Renzi lo ha detto ieri alla fine di un lungo ragionamento ma lo ha detto con parole definitive, che segnano uno spartiacque culturale tra l’Italia social confusa dei professionisti della morale e l’Italia che sogna di non farsi seppellire dalle lezioncine dei Rodotà-tà-tà, dalle interviste delle teste di Casson (copyright Montanelli), dai cloni di Antonio Ingroia, dai cugini di Crocetta, dagli zii di Marino, dai magistrati che si trasformano in giornalisti e dai giornalisti che si trasformano in talebani del moralismo. Goduria assoluta: “Noi – ha detto ieri Renzi – non siamo dei passacarte della procura di Trani”. Non ci illudiamo, per carità. Sappiamo bene che dalle parole sarà difficile passare ai fatti. Sappiamo bene che i muscoli mostrati oggi da Renzi contro i passacartisti delle procure non avranno lo stesso tono quando si andrà a parlare di riforma delle intercettazioni, di riforma della giustizia penale, di peso delle correnti nella magistratura, di separazione delle carriere e di tutti gli altri temi che andrebbero affrontati per essere coerenti con quanto detto ieri dal presidente del Consiglio, per limitare la presenza della magistratura nella vita della politica e dare alla politica e allo stato di diritto gli antidoti giusti per combattere quel virus letale che si chiama supplenza della magistratura.

 

[**Video_box_2**]Sappiamo bene che Renzi stesso è lo stesso furbacchione che spesso si contraddice, quando si parla di giustizia, e che è Renzi stesso, per esempio, ad aver concentrato nelle mani di un magistrato, Raffaele Cantone, nuovo inimitabile ayatollah delle coscienze democratiche, un potere tale che non può che stonare con chi sostiene che la politica e la magistratura, evviva Montesquieu, debbano essere mondi separati, confinanti, anche comunicanti, ma non sovrapponibili. Sappiamo tutto questo. Ma non possiamo trattenerci dall’esultare per questo Renzi, molto fogliante, che nello scontro culturale di civiltà che esiste in Italia sulla giustizia sceglie, almeno oggi, da che parte stare, mettendo così in imbarazzo (la nostra solidarietà agli amici di Largo Fochetti, vedi editoriale a pagina tre) la sinistra social confusa della Repubblica delle Serracchiani, che da una vita prova a dimostrare, portando minorenni al Palasharp, firmando appelli su appelli, consumando le penne degli Zagrebelsky, dei Saviano e dei Di Matteo, che i progressisti hanno il diritto di non critica nei confronti della magistratura. Scriveva nel 1998 l’ex magistrato rosso Francesco Misiani: “La verità è che il nostro potere di supplenza rispetto all’esecutivo è andato a crescere nel tempo grazie anche all’appoggio della sinistra e del Pci in primo luogo: che su noi magistrati, o, almeno, su una parte di noi, aveva deciso di investire risorse e attenzione”. Saremmo ingenui se dicessimo che oggi la sinistra ha rottamato un suo tabù. Ma sarebbe da sciocchi non capire che per un giorno, nello scontro di civiltà, Renzi, mettendo in mutande la repubblica del moralismo, ha scelto da che parte stare. La parte che ha scelto, in un clima che potremmo definire da patto culturale del Nazareno, è quella giusta. E noi non ci illudiamo, ovvio, ma almeno oggi un pochino godiamo.

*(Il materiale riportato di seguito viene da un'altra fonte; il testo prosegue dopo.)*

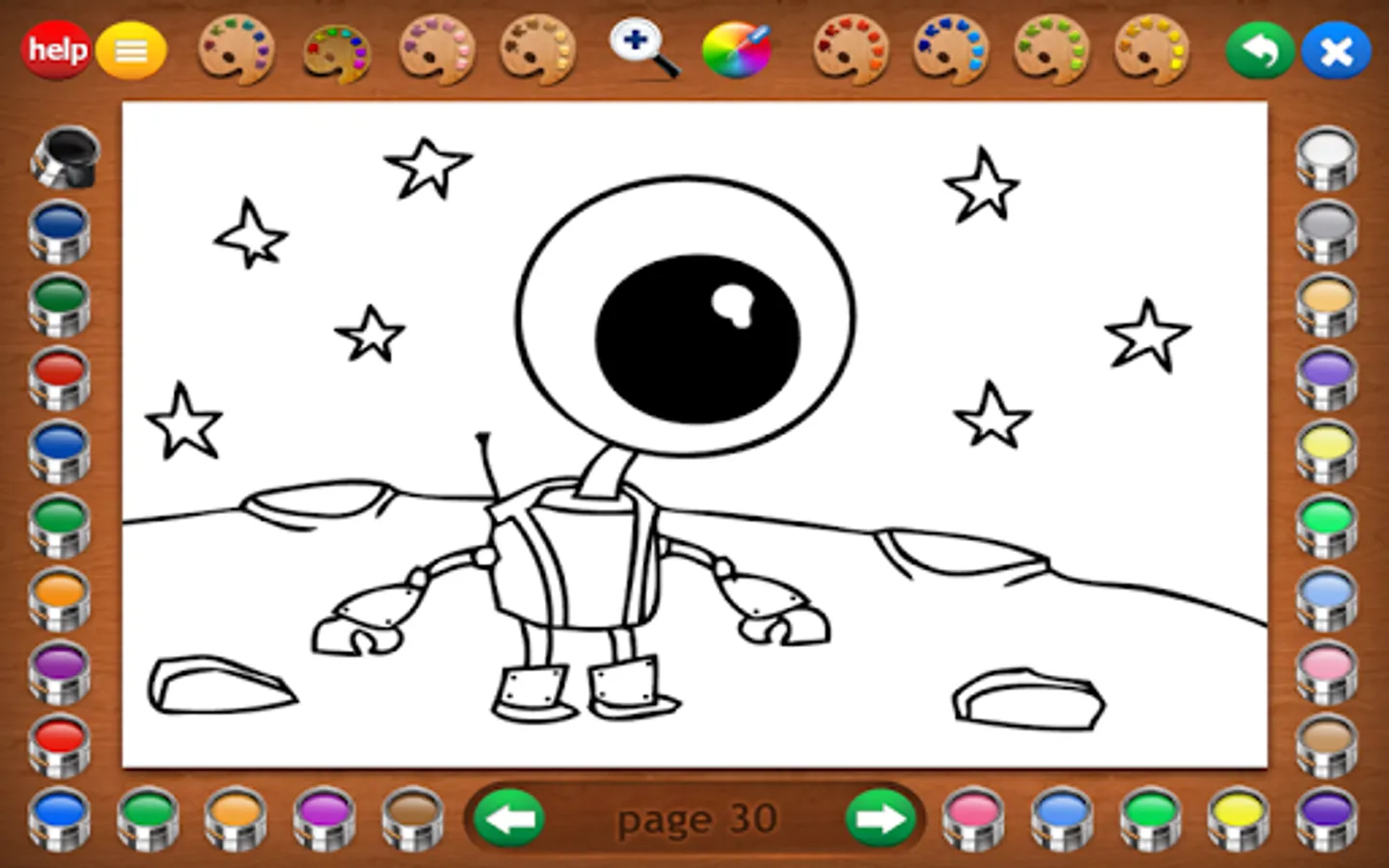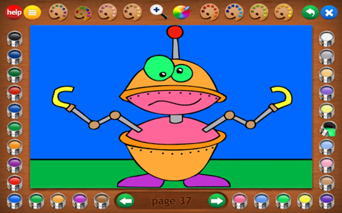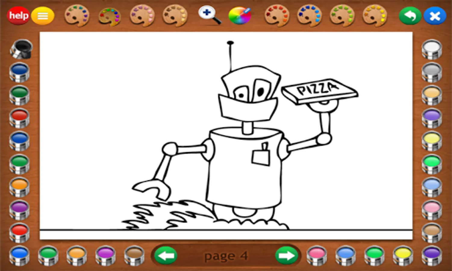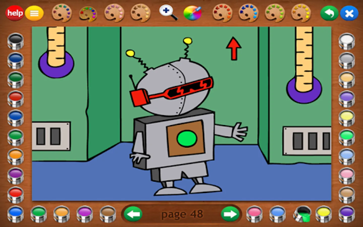 50 pages of robots! It includes a huge variety of robots that will entertain sci-fi fans for hours. These kooky robots are in scenes that depict them doing activities at home, work, and play.

  • Claudio Cerasa Direttore
  • Nasce a Palermo nel 1982, vive a Roma da parecchio tempo, lavora al Foglio dal 2005 e da gennaio 2015 è direttore. Ha scritto qualche libro (“Le catene della destra” e “Le catene della sinistra”, con Rizzoli, “Io non posso tacere”, con Einaudi, “Tra l’asino e il cane. Conversazione sull’Italia”, con Rizzoli, “La Presa di Roma”, con Rizzoli, e "Ho visto l'uomo nero", con Castelvecchi), è su Twitter. E’ interista, ma soprattutto palermitano. Va pazzo per i Green Day, gli Strokes, i Killers, i tortini al cioccolato e le ostriche ghiacciate. Due figli.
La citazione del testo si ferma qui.